Sürü yönetim elemanı aranıyor!
Kursların muhtevası kadar enteresan olan bir meselemiz daha var. Sertifika programlarına konan isimlerdeki dönüşüm. Hekimin doktora dönüşmesi gibi bir şey değil sözünü ettiğimiz. Bir örnekle açıklamak gerekirse, çoban yerine sürü yönetim elemanının kullanılması bu türden bir dönüşüm. İnşaatçıya, kürek operatörü demeyi de unutmayalım.
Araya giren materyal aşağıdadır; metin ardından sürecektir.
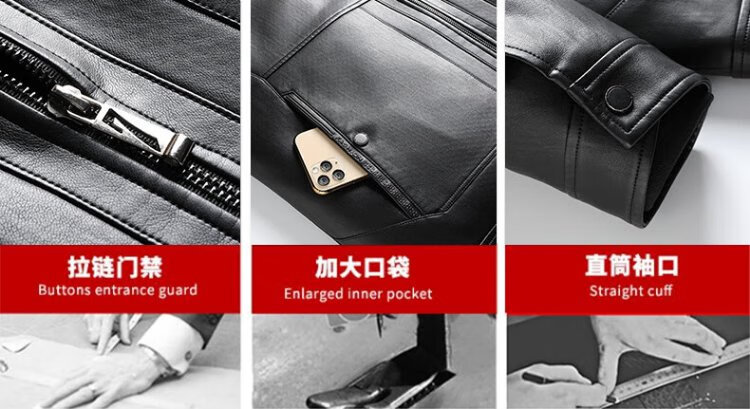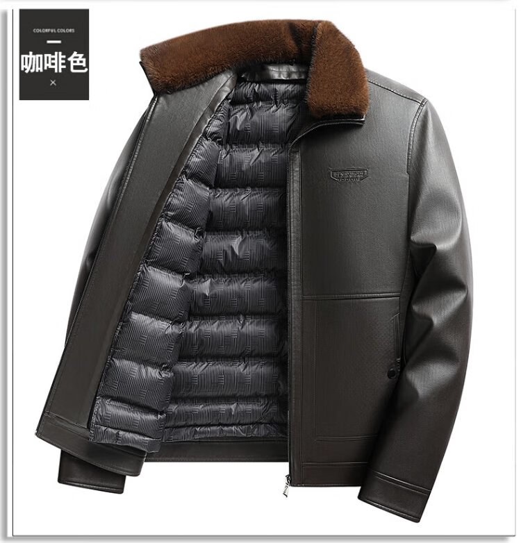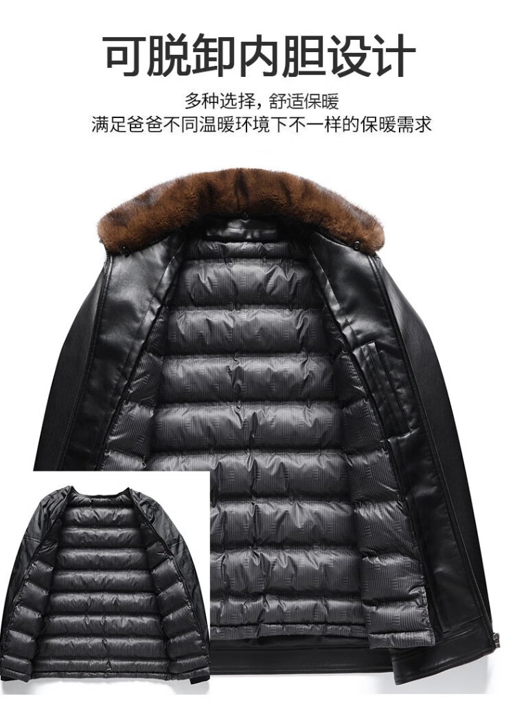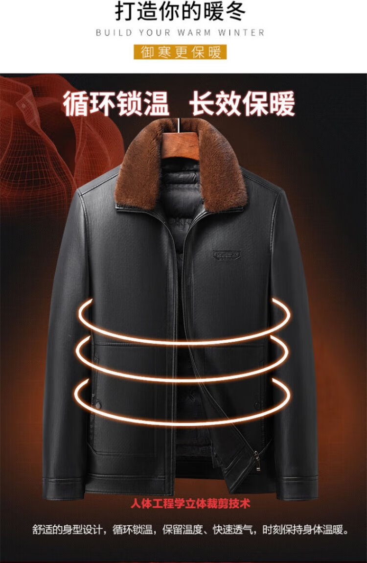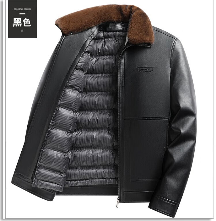Luo Meng removable inner liner leather jacket men's velvet thickened winter leather jacket young and middle-aged casual dad jacket

Türkiye'de hayvancılığın kan kaybettiğini hesaba katacak olursak, 3 bin lira maaşa rağmen çoban bulamayan adamcağızın halini de anlamış oluyoruz. İşgüzarlar fırsatı kaçırır mı hiç? ‘Sürü yönetim elemanı' kurslarının açılışı bu hadiseden sonraya denk geliyor.
‘Denizden babam çıksa yerim' diyenlerin kursu
Karides, kalamar, böcek, çipura, somon, ahtapot yemekleri, balık köftesi, buğulama, yahni, şevketi bostanlı levrek… Bu taamları yapabilmek herkesin muradı. Bir bilene danışıp öğrenmek mi? Ne münasebet! Hemen ‘Deniz ürünleri sertifikası' alıyorsunuz. Bu omega 3 dedikleri nedir? Diyette hangi balıklar tüketilebilir? gibi meraklarınız yok oluyor. Sadece bir ayda balık yemekleri uzmanı oluyorsunuz. 500 TL ödeyince balık yeme adabını da öğretiyorlar sanmayın. Programa dahil olmadığını öğrendik.
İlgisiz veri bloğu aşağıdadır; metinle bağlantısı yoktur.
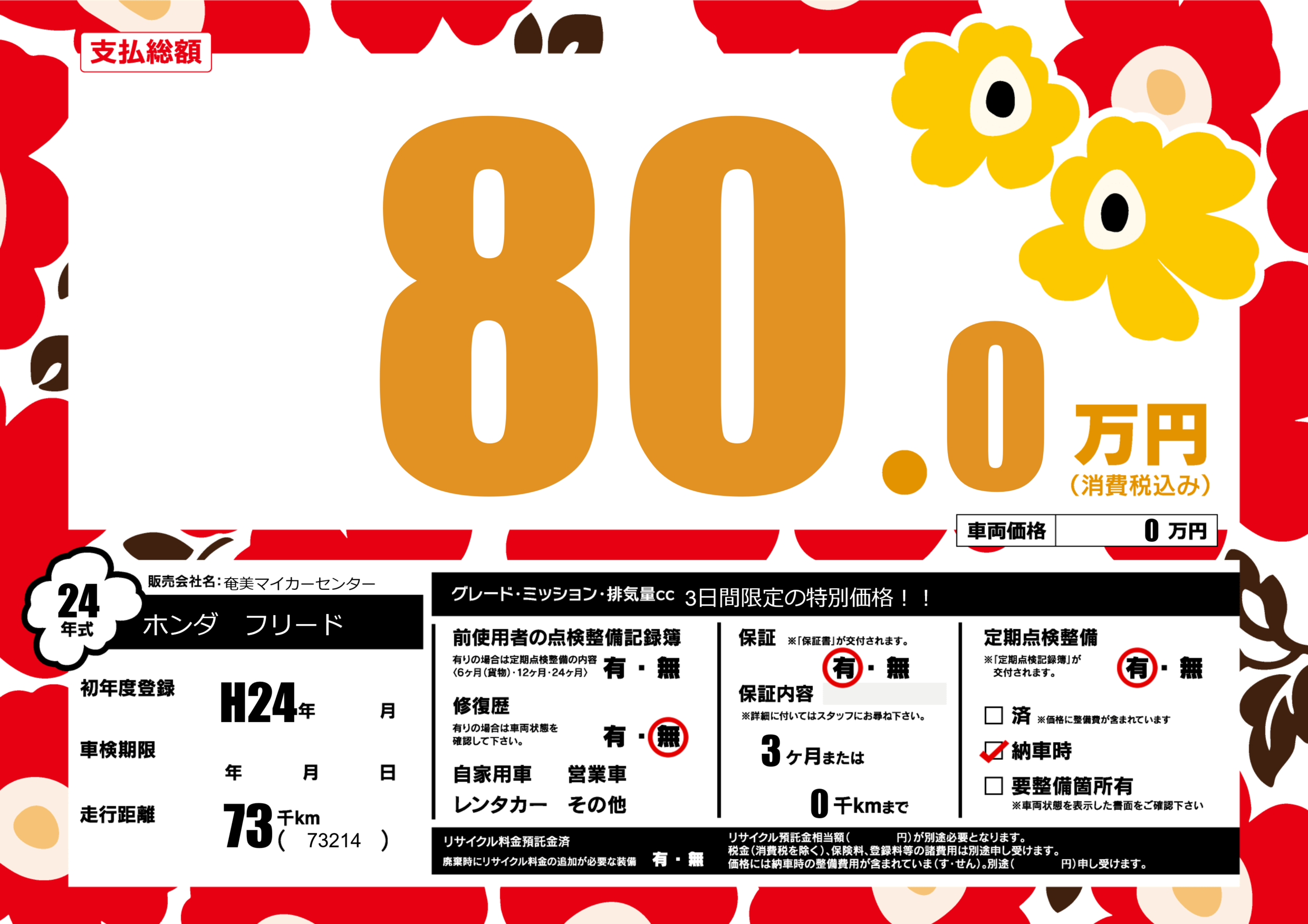 保証付き 保証内容(---) 3ヶ月または(0)千kmまで |

Siz hâlâ balondan çikolata kesesi yapamıyor musunuz?
Çikolatayı kim sevmez? Bitterden tutun da kestanelisine hepsinin seveni bulunur. Bundan vazife çıkaran müteşebbisler kolları sıvayalı epey oluyor. Adım başı çikolata gurmelik sertifikası, çikolata yapım kursuna rastlıyorsunuz. Yapım kursları genellikle bir günde tamamlanıyor. Çünkü malzemeleri önünüze koyup eritmeniz ve yeniden şekillendirmeniz kafi geliyor eğiticilere. Bazı eğitimciler çıtayı yüksek tutuyor(!) Balondan çikolata kesesi yapmakta hünerli hale geliyorsunuz.
Sertifikalı kayınvalide isteriz!
Kayınvalide-gelin ilişkilerindeki iniş çıkışlar haberimizin dışında kalıyor. İki tarafın arasında kalan zavallı beyefendilerin feryadını duyan Pendik Belediyesi, 2013 yılından bu yana ‘İdeal Evlilikte Eşler ve Kayınvalidelere Düşen Roller' eğitimini veriyor. Eğitimlerde gelin, damat, kayınvalide ilişkileri irdeleniyor. Son iki haftada ise kayınvalideler kursiyer oluyor. Özellikle aile büyüğünün öfke kontrolüyle baş etmeyi öğrenmesi planlanıyor. Şimdilik, “İlla sertifikalı kaynana isterim.” diyeni duymadık ama gelecek de gelecek değil mi?
Yazar olacaktım, param yok
Yaratıcı yazarlık atölyelerini unuttuk sanmayın. Yalnızca üç ay yeterli. Ataların ‘Elif görse mertek sanır, hoca görse hortlak sanır' dediği halden çıkıyorsunuz. Bu programlar genelde bir mecmuada veyahut bir gazetede yazanların önderliğinde kapılarını açıyor. Biraz azarlanınca usta-çırak ilişkisi yaşadığınızı düşünüp sebat ederseniz ne âlâ. Kâğıdın kokusu, mürekkebin efsunuyla yazar olduğunuzu bile sanabilirsiniz. Ardından ‘güzel yazı yazma eğitimi' de alındı mı tamam oluyor.